| What is expected |
Each record below must come back exactly as written; its pictures must not.

| Information |
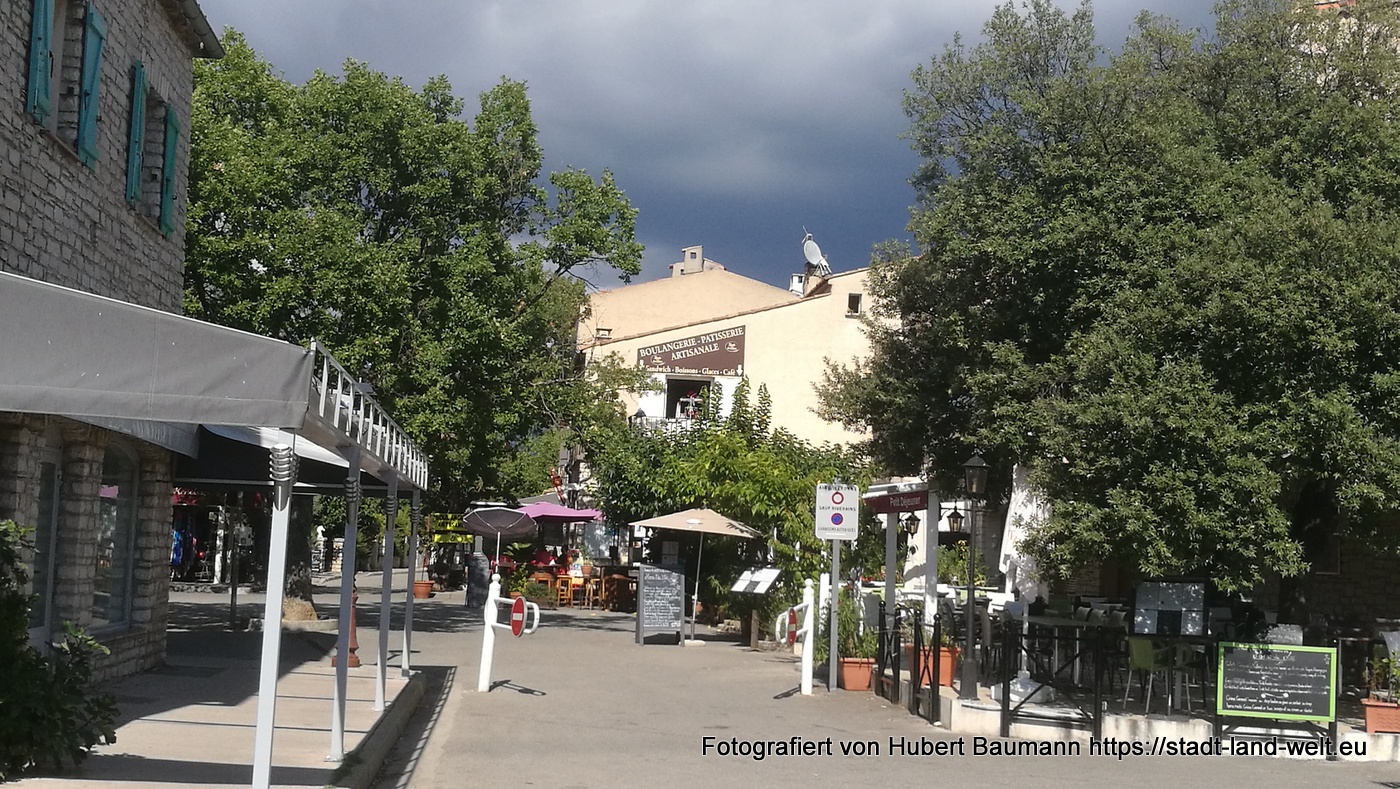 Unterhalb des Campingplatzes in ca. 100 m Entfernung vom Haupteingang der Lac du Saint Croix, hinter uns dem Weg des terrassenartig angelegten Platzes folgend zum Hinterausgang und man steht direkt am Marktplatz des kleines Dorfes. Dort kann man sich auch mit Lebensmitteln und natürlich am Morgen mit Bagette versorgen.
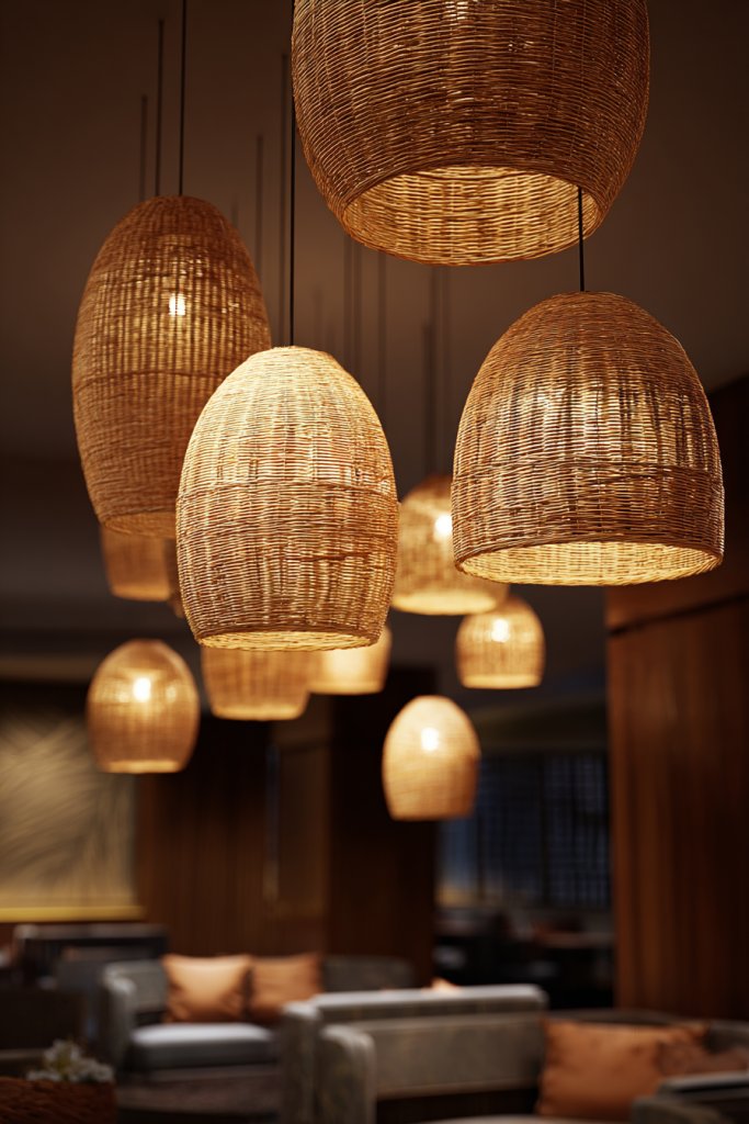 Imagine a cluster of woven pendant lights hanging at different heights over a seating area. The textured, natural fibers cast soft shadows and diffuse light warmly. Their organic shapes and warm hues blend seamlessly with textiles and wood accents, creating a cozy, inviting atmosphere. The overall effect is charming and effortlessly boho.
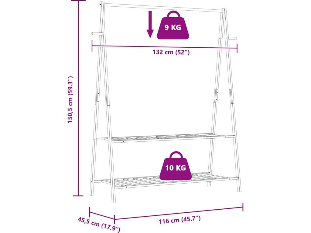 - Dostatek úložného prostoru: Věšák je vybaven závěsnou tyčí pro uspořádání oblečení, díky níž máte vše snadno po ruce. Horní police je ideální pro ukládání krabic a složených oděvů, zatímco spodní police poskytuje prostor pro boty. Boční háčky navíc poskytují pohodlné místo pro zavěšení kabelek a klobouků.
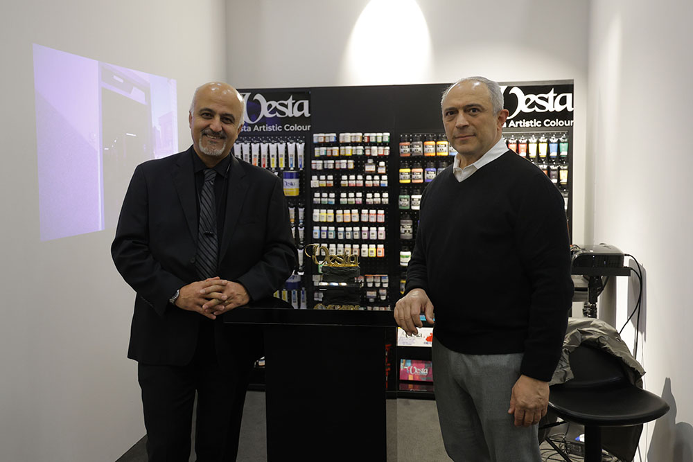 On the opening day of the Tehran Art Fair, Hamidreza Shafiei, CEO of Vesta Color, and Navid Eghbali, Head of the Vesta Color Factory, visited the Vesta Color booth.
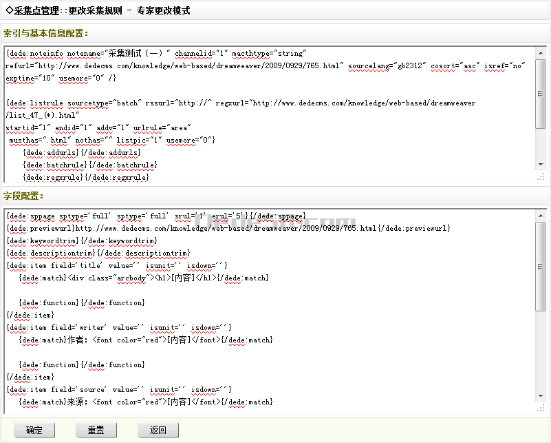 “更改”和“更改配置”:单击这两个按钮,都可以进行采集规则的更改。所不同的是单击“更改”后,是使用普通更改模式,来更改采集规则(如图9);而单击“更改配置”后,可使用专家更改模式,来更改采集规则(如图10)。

| Output |
 Unterhalb des Campingplatzes in ca. 100 m Entfernung vom Haupteingang der Lac du Saint Croix, hinter uns dem Weg des terrassenartig angelegten Platzes folgend zum Hinterausgang und man steht direkt am Marktplatz des kleines Dorfes. Dort kann man sich auch mit Lebensmitteln und natürlich am Morgen mit Bagette versorgen.
 Imagine a cluster of woven pendant lights hanging at different heights over a seating area. The textured, natural fibers cast soft shadows and diffuse light warmly. Their organic shapes and warm hues blend seamlessly with textiles and wood accents, creating a cozy, inviting atmosphere. The overall effect is charming and effortlessly boho.
 - Dostatek úložného prostoru: Věšák je vybaven závěsnou tyčí pro uspořádání oblečení, díky níž máte vše snadno po ruce. Horní police je ideální pro ukládání krabic a složených oděvů, zatímco spodní police poskytuje prostor pro boty. Boční háčky navíc poskytují pohodlné místo pro zavěšení kabelek a klobouků.
 On the opening day of the Tehran Art Fair, Hamidreza Shafiei, CEO of Vesta Color, and Navid Eghbali, Head of the Vesta Color Factory, visited the Vesta Color booth.
 “更改”和“更改配置”:单击这两个按钮,都可以进行采集规则的更改。所不同的是单击“更改”后,是使用普通更改模式,来更改采集规则(如图9);而单击“更改配置”后,可使用专家更改模式,来更改采集规则(如图10)。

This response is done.